I have read it somewhere [forgive me but I forgot to bookmark or subscribe to give proper credit to the writer] that the Philippines has some hundred cases of Pulmonary Tuberculosis the past year and no one seemed to have paid attention. Nobody ever bothered to "seek a Php 90million fund" to help them who already suffer. PTB has been a big problem in our country and I was a witnessed to that during my Caregiving years; and it has been since I can remember. People whom you assume to be of good health might be suffering and you wouldn't even know. The funny thing is we don't even have to 'put some additional men' in our airports [as part of their action plan for Swine Flu, that is] because for all you know, all along, PTB sufferers might just be the person you come across just as you are getting out of your house. Back in 2005, I remember my instructor in caregiving told us that statistics show 4 out of every 10 people we meet in the streets has PTB. Believe me, this got me thinking everyday for the next few days after that lecture, keenly observing people I cross paths on my way to school if they have the symptoms. Isn't that interesting that these DOH people are asking for Php 90 million for this virus that hasn't even gotten in our country?


I know that they have good intentions. But I also cannot help but think about their UNDERLYING motives. It is actually easier to grasp their para-sa-akin [for myself] gains than thinking about their para-sa-bayan [for the country] initiative; in which the ratio of PROFIT versus SERVICE is seemingly outrageous.


Call this a follow-up for that blog I read about swine flu and PTB. But I couldn't help but write about it [again… you could say] because I can't get my thoughts off that Php 90 million.

So much of Swine Flu today. Because tomorrow, I will call it H1N1 or Influenza A as per WHO terms here.


Anyway.


I missed my Jeff-Dunham-Friday. I had my haircut and this hot-oil-from-home experiment earlier which did some good to my hair [that's on both counts]… I got to oil my hair for this summer since today, I think it got to 50 degrees, and it's not even summer yet.
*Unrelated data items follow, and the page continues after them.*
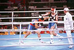 Tuvale (left) versus Aristides Gonzalez of Puerto Rico at the 1984 Olympics | |
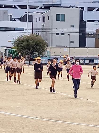 今週から15分休みにかけ足タイムが始まりました。密にならないように人数を減らして行いました。今日は、3年と6年で行いました。
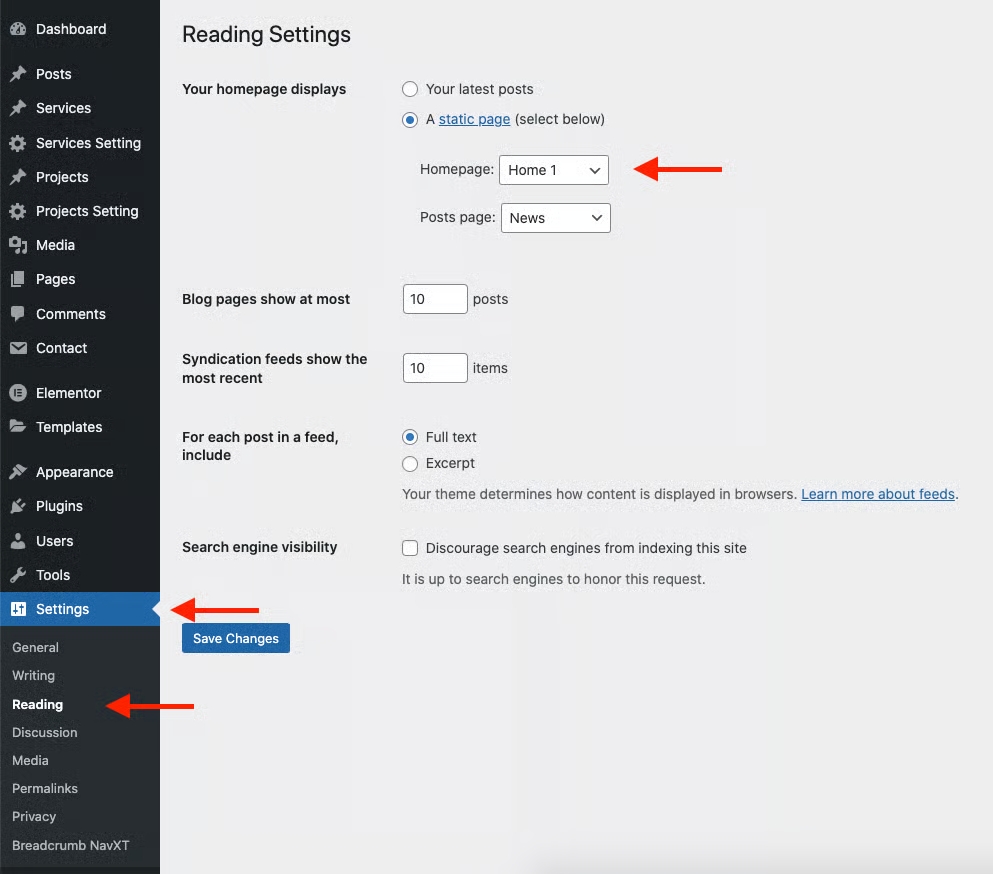 Step 1 - Go to Settings > Reading in your WordPress Dashboard panel.

Who doesn't love shrimp? You might say no one, not even those who have allergies. But I just get bored eating it. You have to eat with your hands [yeah, you can eat it with spoon and fork but it takes another 50 years to finish] and the whole process of de-scaling [is it really what it's called? Enlighten me, please] just annoys me. Yeah, that’s what I had for lunch today. YUMMY! But I didn't have it for dinner again.
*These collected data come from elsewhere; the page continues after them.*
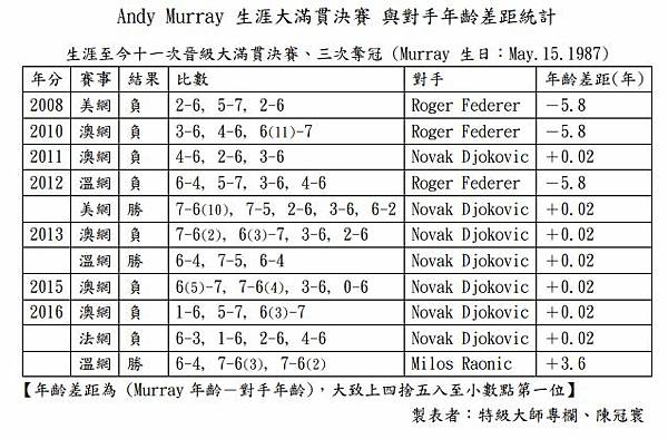 IV. Andy Murray 生涯大滿貫決賽 與對手年齡差距統計:
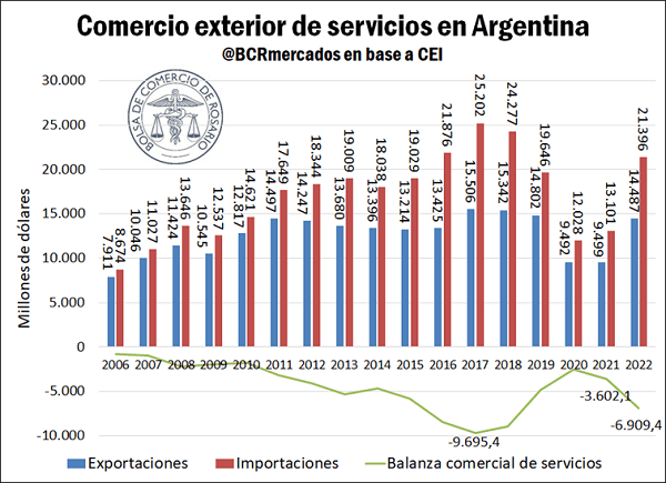 Apuntalar el turismo extranjero y estimular más exportaciones de servicios se hace fundamental para reducir el sustancial déficit comercial de servicios que tiene la República Argentina. El año pasado el superávit comercial de bienes totalizó los US$ 6.923 millones. Si incorporamos el déficit de servicios de US$ 6.910 millones, el superávit comercial total de 2022 se reduce a apenas US$ 14 millones.
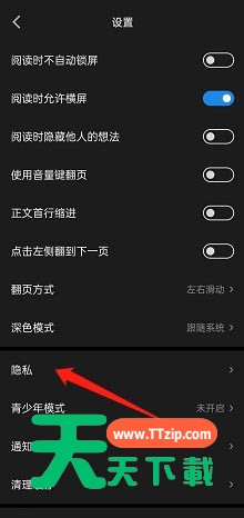 在微信读书中收到了新的关注,系统就会发来消息提醒,那关注消息怎么关呢?下面天天下载就为大家带来了关闭方法,不知道怎么弄的小伙伴可以来看看。 微信读书关注消息怎么关闭?微信读书关注消息关闭方法 1、打开微信读书,点击上方的符号进入设置。 2、选择【隐私】。 3、找到上方的【接收新关注提醒】右侧开关,关闭即可。 以上这篇文章就是微信读书关注消息怎么关闭的步骤内容,有需要的小伙伴快来学习一下吧! @天天下载 除特别注明外,本站所有文章均为 天天下载 原创,转载请注明出处来自 https://www.ttzip.com/26644.html
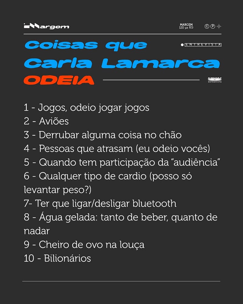 a Carla Lamarca passou pela nossa seção 10 Coisas que Amo / Odeio

Oh yeah, I just got hooked up with Chain Rxn [Jeesh, I hate the way it's spelled] at facebook. Truly a nice game there. I just loved watching those circles expand and explode. I also like the concept of the game. It is not the usual avoid-this-avoid-that-or-you'll-get-ditched. This one, you have to figure out when these circles get as close to each other as possible and bump into each other, because the faster they bump into each other, the more points you earn. Oh well, it has been a while since I played a game. I got bored with PSP's Need For Speed Pro Street… truly a waste of money for me. Not too much time since I stopped playing after day 1. The fact is, I am still wondering why it was called Pro Street when you are just circling different race tracks and not on the streets. And oh, the graphics suck! Due to this, I got scared of getting NFS Undercover for fear of being duped by the game series the second time around.


Ok. I can continue to be outrageous. But I'll save it for another day.